Given $a,b,c$ are non-negative number satisfy $a+b+c=1$. Find the value of maximize $$B=ab+bc+ca-3abc$$
\begin{align}B&=(a+b+c)(ab+bc+ca)-3abc\\ &=a^2(b+c)+b^2(a+c)+c^2(a+b)\\ &=a^2(1-a)+b^2(1-b)+c^2(1-c)\end{align}
If $a=b=c=\frac{1}{3} \Rightarrow B_{max}=\frac{2}{9} $
We need $\sum_{cyc} a^2-\sum_{cyc}a^3 \le \frac{2}{9}$
$\Rightarrow (\sum_{cyc}a^2-\frac{1}{3})(\sum_{cyc}a^2-\frac{2}{3})\ge 0$
The last inequality seem wrong because It is possibly $a^2+b^2+c^2\le \frac{2}{3}$, help me !
Notice that
\begin{align*} \frac{1}{4}-B &= \frac{1}{4}(a+b+c)^3 - \sum_{perm}a^2 b \\ &= \frac{1}{4}\sum_{cyc} a^3 - \frac{1}{4} \sum_{perm} a^2b + \frac{6}{4}abc \\ &= \frac{1}{4}\left( \sum_{cyc} a(a-b)(a-c) \right) + \frac{3}{4}abc. \end{align*}
The first term is $\geq 0$ by the Schur's inequality, and the second term is obviously $\geq 0$. So the entire quantity is $\geq 0$ and we have $B \leq \frac{1}{4}$.
Finally, plugging $(a,b,c) = (\frac{1}{2}, \frac{1}{2}, 0)$ gives $B = \frac{1}{4}$ and therefore $B_{\max} = \frac{1}{4}$.

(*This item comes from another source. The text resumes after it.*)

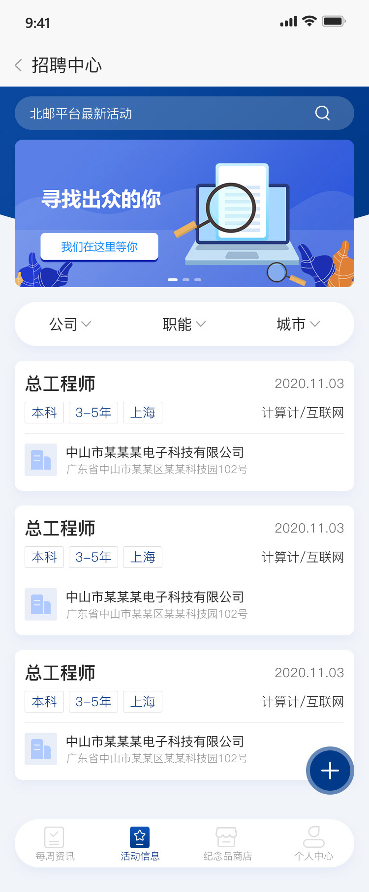 y4514-psd蓝色电商app商店ui设计模板源文件下载-招聘中心首页列表页

Here is an unnecessarily and excessively complicated solution:
Consider the hyperplane $H$ in $\Bbb{R}^3$ defined by the equation $a+b+c = 1$. We identify $H$ with $\Bbb{R}^2$. Then the 2D-Laplaican $\Delta_H$ on $H$ can be expressed in terms of the coordinates of $\Bbb{R}^3$ as:
$$ \Delta_H f(a,b,c) = \frac{2}{3}\left( \frac{\partial^2f}{\partial a^2} + \frac{\partial^2f}{\partial b^2} + \frac{\partial^2f}{\partial c^2} - \frac{\partial^2f}{\partial a \partial b} - \frac{\partial^2f}{\partial b \partial c} - \frac{\partial^2f}{\partial c \partial a} \right). $$
Now it is just an easy computation to check that
$$ \Delta_H B = 2(a+b+c-1) = 0. $$
Thus $B$ is harmonic on $H$. Let $\Omega = \{(a,b,c) \in H : a,b,c \geq 0 \}$. Then by the maximum principle, the maximum of $B$ is achieved on the boundary $\partial \Omega$. First, along the boundary with $c = 0$ we have
$$ B(a, 1-a, 0) = a(1-a) \leq \frac{1}{4} \quad \text{with equality iff} \quad a = \frac{1}{2}. $$
By the obvious symmetry, similar observations are true along other boundary segments. Therefore $B_{\max} = \frac{1}{4}$ and this is achieved exactly at 3 points $(\frac{1}{2},\frac{1}{2},0)$, $(\frac{1}{2},0,\frac{1}{2})$, $(0,\frac{1}{2},\frac{1}{2})$.